L’affaire a été portée à l’attention de l’Ordre des médecins vétérinaires du Québec par le client, qu’un interdit de publication nous empêche de dévoiler le nom.

La Dre Gauvin a reconnu ses fautes et plaidé coupable aux cinq chefs déposés contre elle, peut-on lire dans un jugement émis par le conseil de discipline de l’Ordre le mois dernier. La vétérinaire a été radiée pour trois semaines et a reçu des amendes totales de 5500 $.

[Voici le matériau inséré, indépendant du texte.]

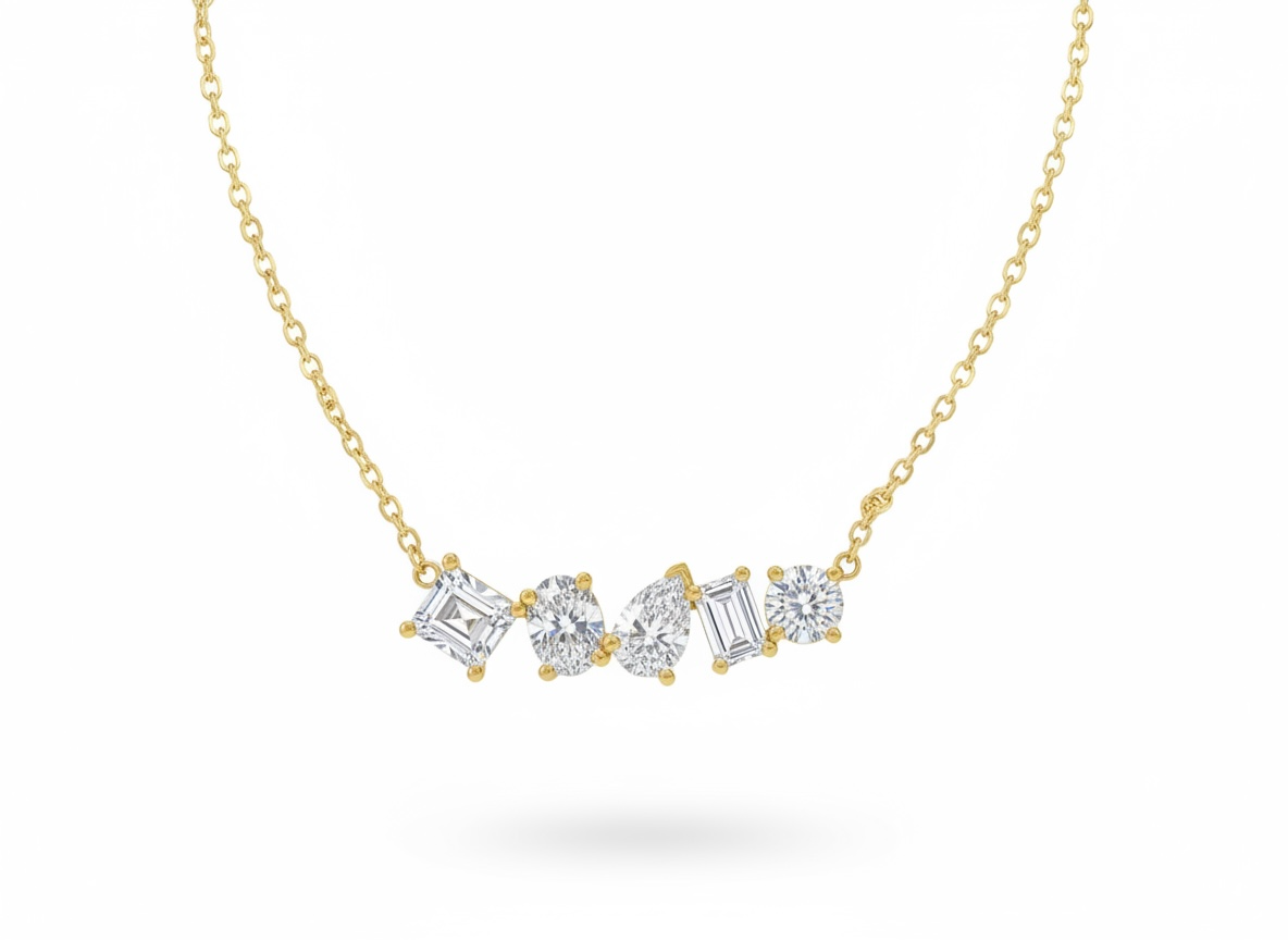 Review (R)18KY LG 1.50CT LAB GROWN DIAMOND SHAPE ASSORTMENT NECKLACE, PRINCESS, EMER, ROUND, PEAR, OVAL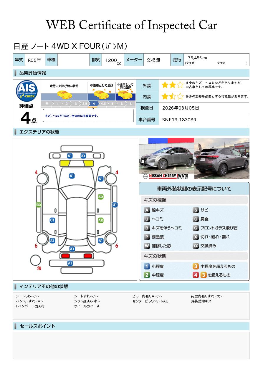 ノート 1200cc 1.2 X FOUR スマートセーフティエディション 4WD 純正ナビ アラウンドビューモニター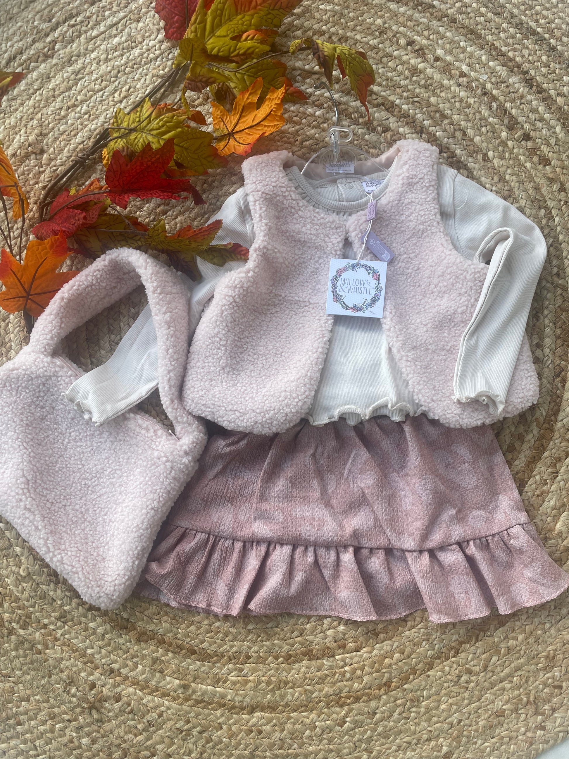 comprising of little elastic waist skirt , long sleeve T and Borg fleece gilet & handbag!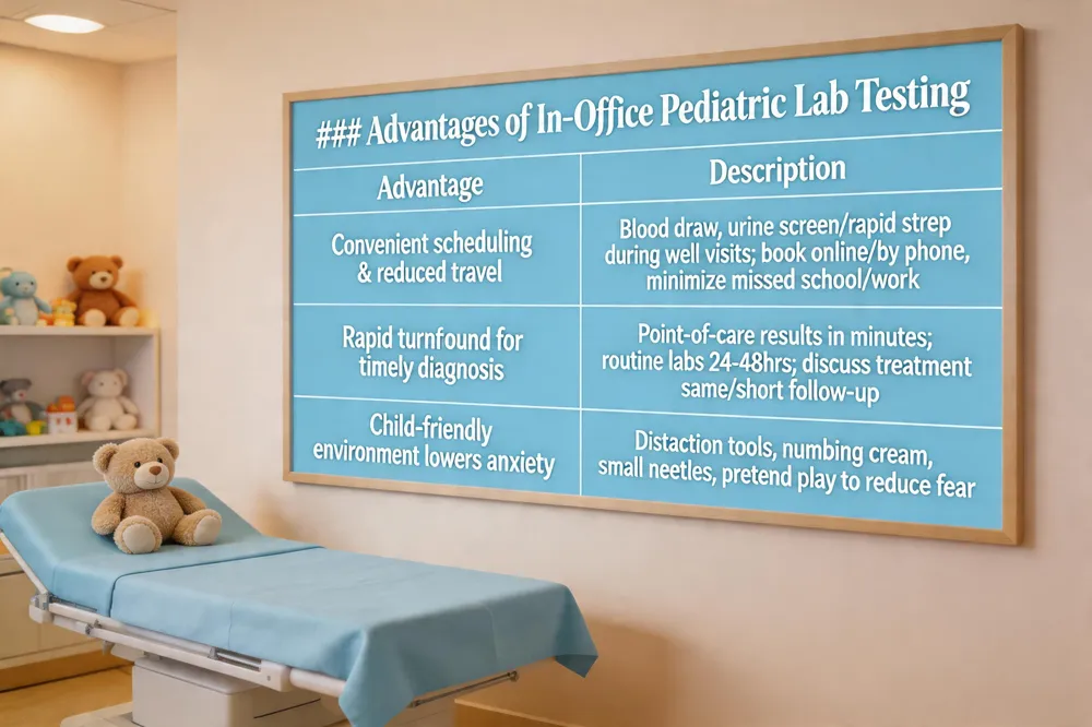 In‑office pediatric laboratory testing brings three big advantages that make health care smoother for families. First, convenient scheduling and reduced travel means that a blood draw, urine screen, or rapid strep test can be done during a regular well‑child visit, eliminating the need for a separate trip to a distant laboratory. Parents can book the appointment online or by phone, often at a time when the child is well‑rested and not hungry, which cuts down on missed school or work days.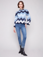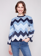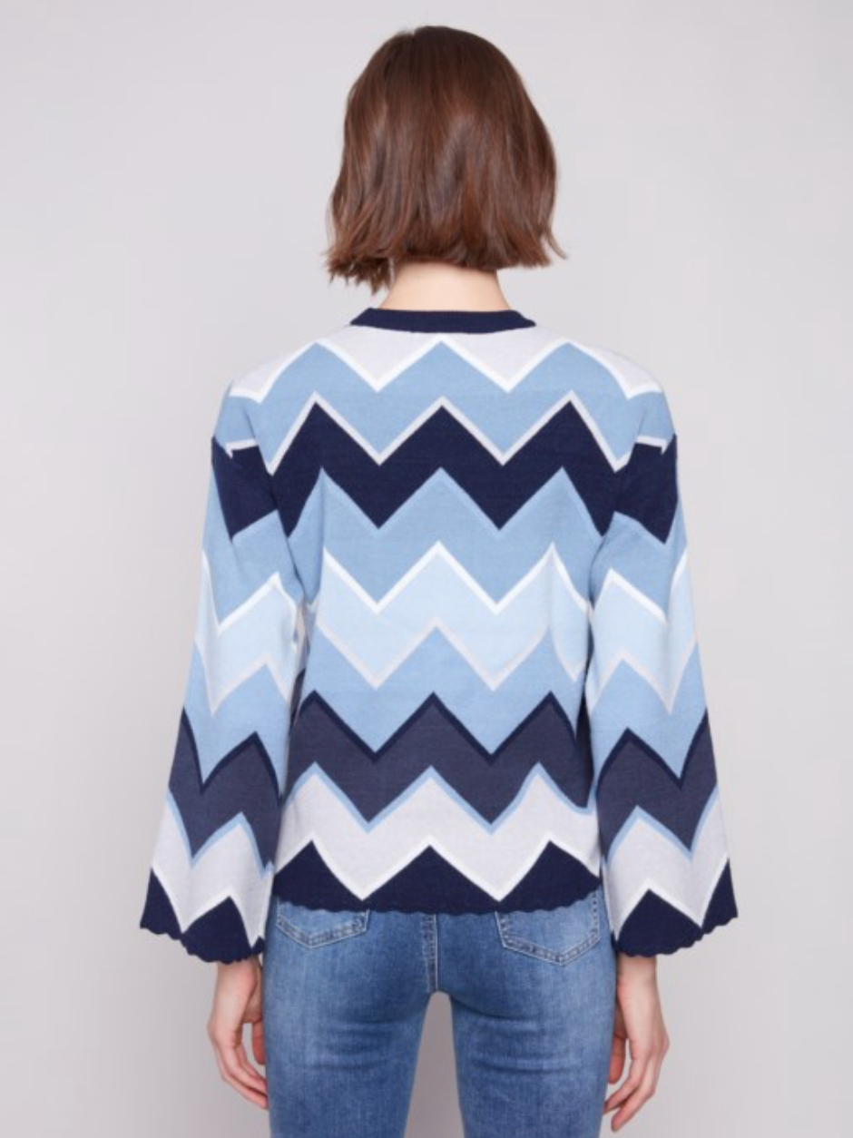 Add a dash of fun to your wardrobe with this Jacquard Chevron Bell Sleeve Sweater. The bold chevron pattern and flirty bell sleeves bring playful charm to any casual look, making it perfect for days when you want to feel comfy and stylish at the same time.
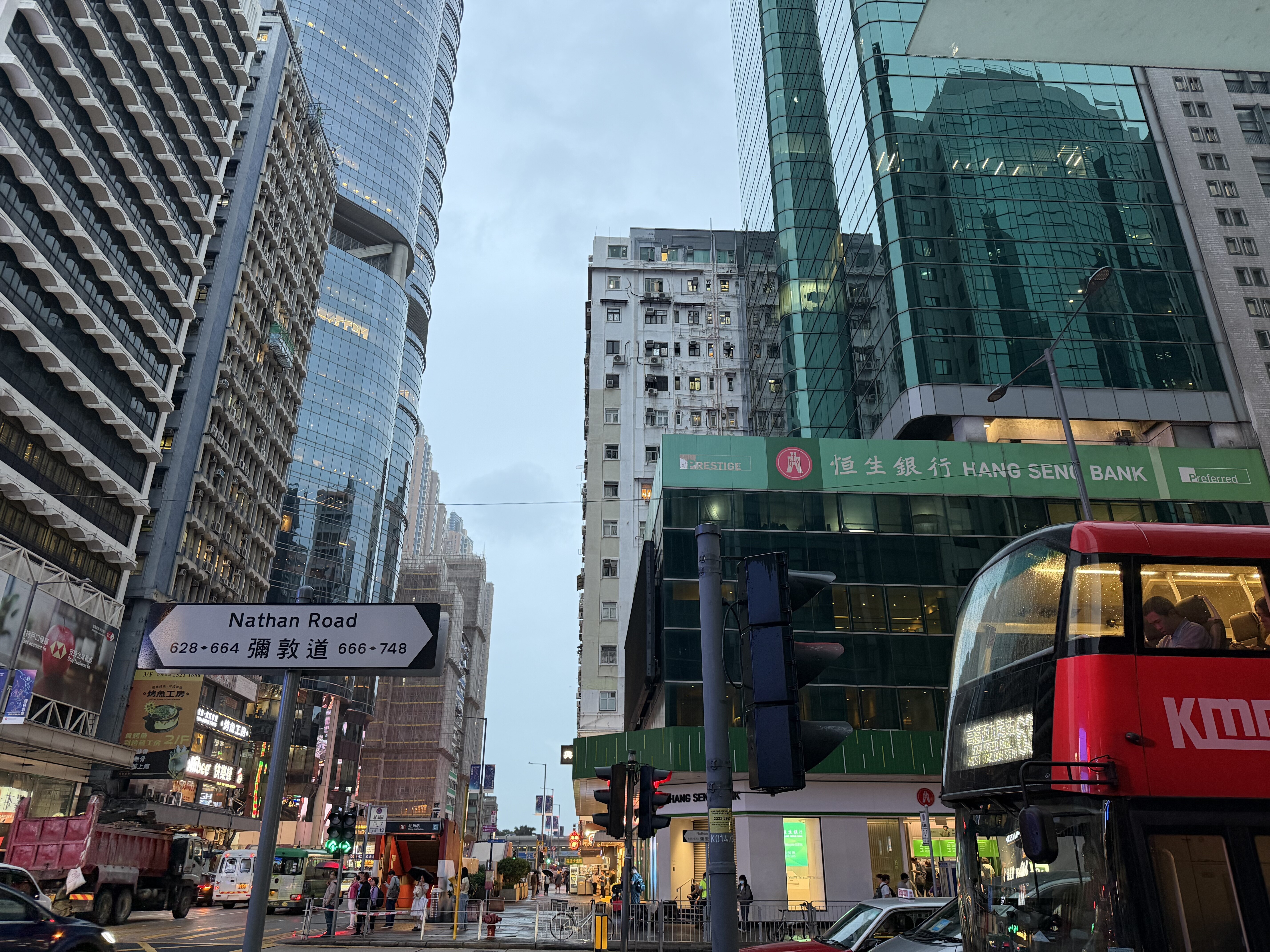 出来已是华灯初上,顺着弥敦道一路往南走,在香港过红绿灯有一种很特殊的声音,方便视障人士过马路,不过这个声音一直在催促着我走快点,很紧张,有点难受。
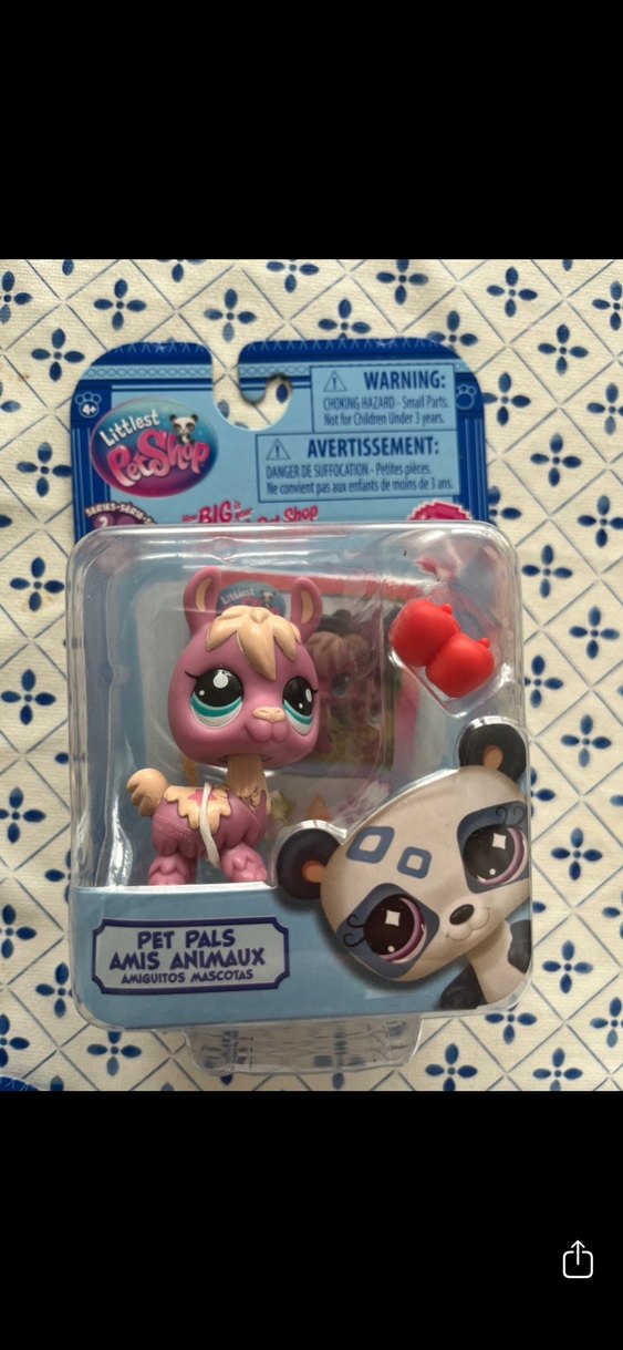 Littlest Pet Shop pembe renkli, büyük gözlü bir hayvan figürü ve kırmızı aksesuar içerir. Orijinal ambalajında, güvenlik uyarıları ile birlikte.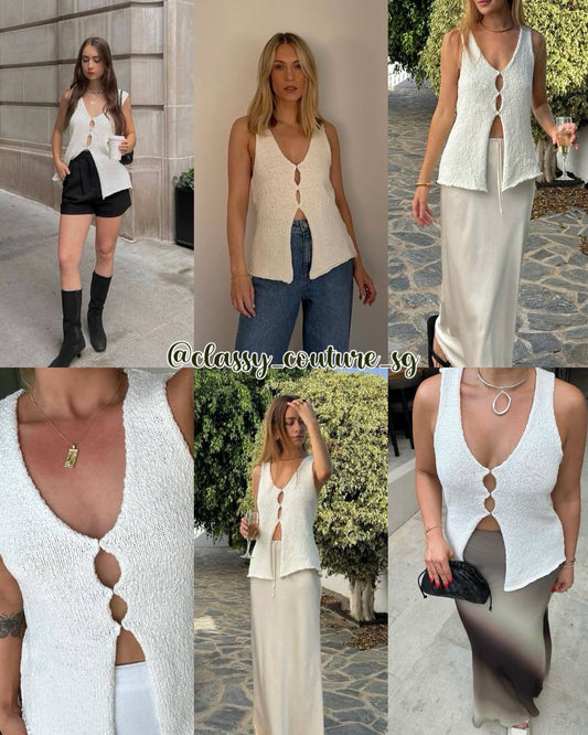 DSH Dion Cotton Boucle Knit Vest Top in White & Black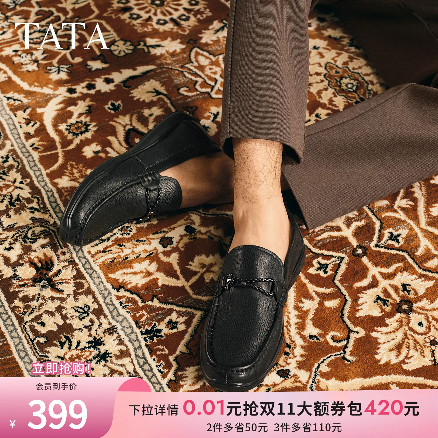 黑色增高鞋 TATA他她男鞋 简约一脚蹬休闲鞋 新款 子29437CM5 2025秋季

Au moment des faits, après avoir été prévenu de ce qui était arrivé à son chien, l’homme était allé le chercher et visiblement contrarié, il avait quitté les lieux sans payer et sans même permettre à la vétérinaire de retirer le cathéter et de lui prescrire des antidouleurs. Il a amené son Yorkshire dans un hôpital vétérinaire où une deuxième intervention sous anesthésie a été pratiquée.

La nouvelle vétérinaire a noté qu’il y avait seulement deux points de suture visible dans la bouche de l’animal et «tous les autres sites d’extraction sont laissés ouverts», mentionne le conseil de discipline dans son jugement. «L’os alvéolaire est visible au niveau du maxillaire droit et présente des saignements», indique le document.

Par ailleurs, un rapport accablant réalisé par un expert a mis en lumière que l’analgésique utilisé par la Dre Gauvin avant d’enlever les 19 dents du petit chien n’était pas suffisamment puissant pour procéder à des extractions dentaires.

À la suite de cette affaire, la vétérinaire Gauvin a dû suivre plusieurs formations afin d’améliorer sa pratique en dentisterie animale.

Le conseil de discipline l’a aussi condamnée à acquitter les frais de l’autre vétérinaire qu’était allé voir l’homme avec son chien après sa malheureuse expérience.